Vion Pharmaceuticals Inc announced the initiation of a Phase I trial of Tapet-CD, its first armed vector, for patients with an advanced or metastatic solid tumor that is no longer considered responsive to available commercial treatments.

In the study, Tapet-CD will be injected directly into a solid tumor on or near the surface of the body. Each patient will also be given 5-fluorocytosine (5-FC) to take orally. The main objective of the study is to determine the maximum safe doses of Tapet-CD and 5-FC. In addition, injected tumors will be examined for extent of Tapet-CD colonization, conversion of the prodrug 5-FC to the active anti-cancer agent 5-fluorouracil (5-FU), and any anti-cancer effects.
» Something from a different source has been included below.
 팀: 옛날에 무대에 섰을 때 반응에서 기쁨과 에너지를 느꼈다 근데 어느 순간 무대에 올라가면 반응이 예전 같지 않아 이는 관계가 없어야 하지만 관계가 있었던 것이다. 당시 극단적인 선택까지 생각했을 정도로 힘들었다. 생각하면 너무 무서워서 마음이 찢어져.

Alan Kessman, CEO of Vion, commented, "The initiation of a clinical trial with our first armed vector is an important milestone for the company, and will provide important data to support future studies of intravenously administered Tapet-CD, and also for future studies of other armed Tapet vectors. In addition to its own potential anti-tumor activity, Tapet-CD by direct tumor injection or by intravenous administration may be particularly interesting to combine with radiotherapy, since both the Salmonella bacteria and 5-FU are known to enhance radiotherapy anti-tumor effects."

Tapet-CD is a weakened Salmonella typhimurium bacteria engineered to produce the enzyme cytosine deaminase (CD). The enzyme converts 5-fluorocytosine (5-FC), an agent that is generally well-tolerated and is approved for the treatment of fungal infections, into the standard anticancer agent, 5-fluorouracil (5-FU).
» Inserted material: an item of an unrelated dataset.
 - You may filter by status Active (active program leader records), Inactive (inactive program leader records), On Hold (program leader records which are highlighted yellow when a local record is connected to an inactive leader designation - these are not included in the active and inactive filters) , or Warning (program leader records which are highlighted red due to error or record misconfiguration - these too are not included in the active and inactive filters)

In preclinical models, Tapet-CD bacteria producing the CD enzyme accumulate to much larger numbers in tumors compared to normal tissues. The Tapet-CD bacteria convert 5-FC to 5-FU within the tumor tissue, resulting in high levels of 5-FU only within the tumor, and producing antitumor effects superior to the Tapet bacteria alone. In these preclinical models, the combined administration of Tapet-CD and 5-FC selectively produce higher levels of 5FU in the tumor than could be delivered by systemic administration of 5FU alone.
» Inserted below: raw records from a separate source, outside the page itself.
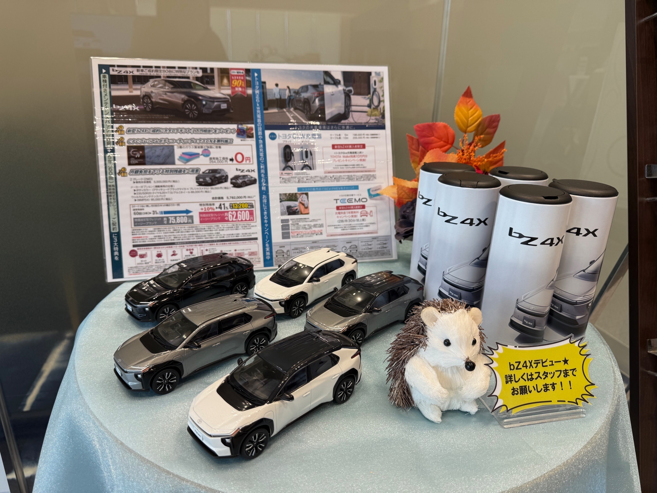 ⭐bZ4X⭐一部改良 2025.10.11 皆様こんにちは😊 10月9日に電気自動車の『bZ4X』が一部改良いたしました🚙✨ 姫路店の入り口にはbZ4Xコーナーを設置しております🍀 ミニカーなどを展示しておりますので ご来店の際はぜひご覧くださいませ😊 詳しくはスタッフまでお願いいたします✨ 前の記事へ 店舗ブログ一覧に戻る 次の記事へ
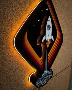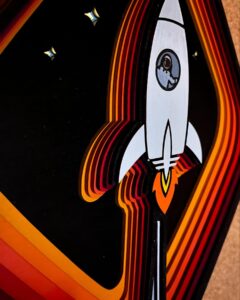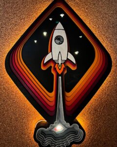 laser cut, hand painted and assembled, baltic birch plywood and plexiglass 14″ x 10.5″ x 1.75″
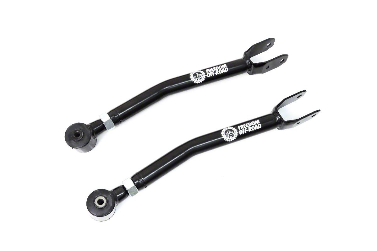 Stable Offroad Performance. Unlock the full potential of your Jeep Gladiator with Freedom Offroad Adjustable Front Upper Control Arms for 0 to 4-Inch Lift. With their adjustable length feature, these control arms allow for precise suspension tuning to accommodate lifts from 0 to 4 inches, providing an optimized setup for improved vehicle handling and stance. The enhanced suspension geometry corrects the caster and pinion angles for lifted setups, resulting in better alignment, reduced tire wear, and a smoother ride.

Tapet-CD was derived from the parent, unarmed vector VNP20009, which is currently undergoing evaluation in Phase I human clinical trials. A Phase I trial of VNP20009 by direct injection into solid tumors was recently completed, and demonstrated that direct intra-tumoral injections are well-tolerated, produce colonization of the injected tumor for a minimum of two weeks, and can be associated with anti-tumor effects. Phase I trials of VNP20009 by intravenous injection are ongoing to determine the optimal dose and schedule for colonization of tumors throughout the body.